At various facilities across the United States, all of the avionics boxes were tested for their tolerance of vibration, shock, thermal extremes, and electromagnetic effects. At Marshall, they were linked together to check for their ability to communicate and cope with a wide range of simulated emergencies. During the Green Run, according to Lisa Espy, NASA lead test engineer for core stage avionics, of special interest will be how heritage hardware—equipment adapted from earlier space ventures—holds up. One item of interest is the SLS flight computer, which has been modified from a Boeing box designed for satellite launches. Because the flight computer is crucial to a good flight, and because it’s considered more delicate than other gear, it gets to ride in a (comparatively) quiet section of the core stage, the forward skirt at the top.

Automatic controls that govern the main engines are also new. The shuttle versions relied on electronic controllers for which parts are no longer available, so the agency substituted a newer controller, one designed for the Ares rockets, and redesigned it to be compatible with the SLS main engines.

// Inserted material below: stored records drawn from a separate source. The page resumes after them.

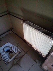 Interesantă nu este mizeria lăsată de cel ce a folosit-o ultimul, ci toaleta în ansamblul ei, ușa, pereții, caloriferul, dispunerea conductelor, etc
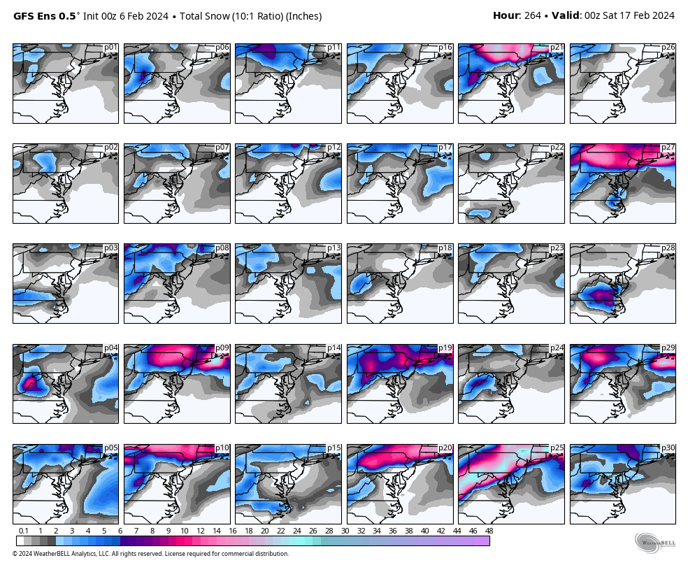 RIC Airport Posted February 6, 2024 Author Share Posted February 6, 2024 21 minutes ago, RIC Airport said: The 00z Euro picks up on the 00z GFS idea as well. 6z GFS shifted back north. You can see when looking at the 500mb vorticity maps that the vortex over Canada is farther north over Hudson Bay than the 00z run, and there are some slight timing differences with the northern and southern stream energy before they phase compared to the 00z run. This is still 6-7 days out, so the details will probably change. FWIW, the 6z ensembles, only 2 or 3 members seem to like the snow idea, even for NoVa/DMV. The 1st map shows a loop starting 00z Saturday 2/10 to 00z Friday 2/16, and notice how only p10, p16, and p19 are the closest to what the 00z GFS showed. Link to comment Share on other sites More sharing options...
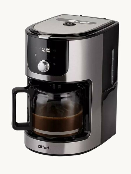 Капельная кофемашина Kitfort КТ-782 готовит ароматный кофе одним нажатием кнопки. Кофемашина предназначена для приготовления кофе в домашних условиях или в офисе. Встроенная кофемолка автоматически измельчит кофейные зерна сразу в фильтре. Кофеварка оснащена многоразовым нейлоновым фильтром, который удобно мыть после приготовления кофе и использовать снова. В комплекте идёт мерная ложка. У кофемашины КТ-782 есть LED-дисплей с понятными обозначениями всех программ. Вы можете видеть текущее время на часах на дисплее. Кофемашина оборудована противокапельной системой — затвором, приостанавливающим подачу кофе при вынимании кофейника из кофемашины. Вы можете налить кофе в чашку, не дожидаясь окончания приготовления. По окончании приготовления напитка кофемашина перейдет в режим подогрева. Платформа, на которой стоит кофейник с готовым кофе, будет горячей в течение 30 мин, затем кофемашина выключится. Звуковой сигнал известит вас об окончании работы платформы с подогревом. Резервуар для воды емкостью 1,2 л позволяет за один раз приготовить кофе на 6 больших (по 200 мл) или 10 маленьких (по 120 мл) чашек. Корпус кофейника прозрачный, поэтому вы всегда можете видеть, сколько кофе еще осталось. Больше не придется вставать на 20 мин раньше, чтобы успеть сделать кофе. Установите время автозапуска, и к моменту, когда прозвенит будильник, вас будет ждать свежезаваренный кофе. Резервуар для воды на 1,2 л оснащен мерной шкалой.

The SLS has also inherited from the shuttle a health monitoring system better able to avoid the false alert that shut down an engine during climb-out on shuttle mission 51-F, which had to settle for a lower orbit than planned. Sensors and the health monitoring system were upgraded as a result.

All of these electronics as well as the pumps and engines will operate during the Green Run for the duration of an SLS ascent to orbit—just over eight minutes. (The test will be considered successful, though, if the system runs for at least five minutes.)

If the Green Run is deemed unsuccessful, the core stage could require an additional test firing. Technicians will pore over the results; check for damage from heat, noise, and vibration; and determine whether another test is necessary. “We really, really hope it works the first time like it’s supposed to,” says Roberts.

After testing is complete, refurbishment of the core stage at Stennis will take two months. Then comes a second journey by barge—to the Kennedy Space Center in Florida. At Kennedy’s Vertical Assembly Building, technicians will work for six months to integrate the stage with the rest of the rocket and Orion. Finally, Artemis I, with its cargo of 13 cubesats and an empty Orion capsule, will be launched in 2021.

During research for this article, I asked NASA engineers and contractors how they’d compare the scrupulous details of SLS core-stage testing to techniques the private sector is using. They said they didn’t know, even though SpaceX and Blue Origin are leasing some of NASA’s test stands. SpaceX investors like to describe Elon Musk as a Silicon Valley-minded disruptor willing to move fast and break things. Put NASA down as a wary organization with a hallowed track record that includes past heartache. It moves slowly and doesn’t want to break anything…unless it’s part of a test on that long, hard journey back to the moon.

NASA's New Megarocket

A little bit Shuttle, a little bit Saturn V.

The Space Launch System carries its payload—the Orion space capsule—atop its fuel tanks, as the Apollo program’s Saturn V did, but its propulsion system is inherited from the space shuttle. Engines, boosters, and tanks are all shuttle hardware, but they are supersized. There are four liquid-fuel engines instead of the shuttle’s three, five fuel segments in each of the solid rocket boosters instead of the four that made up the shuttle strap-ons, and much bigger tanks. “The hydrogen tank for SLS is almost as big as the entire External Tank on the space shuttle,” says Mike Alldredge, who leads the thermal protection system team for the SLS core stage at NASA’s Marshall Space Flight Center. Standing 177 feet tall and burning six tons of propellant every second, the solid rocket boosters will provide more than 75 percent of the launcher’s thrust. On the launch pad, they will support the entire 5.75 million-pound weight of the SLS.

The SLS will grow over time. The first rockets will be able to lift 70 metric tons to Earth orbit. Because escaping Earth’s gravity requires more power, the early versions of the SLS will carry only about 26 metric tons to the moon. As a more powerful second stage is developed and a new generation of strap-on boosters offers more thrust, the ultimate model of the SLS will lift 45 metric tons to deep space, putting it ahead of the Saturn V as the most powerful rocket in history.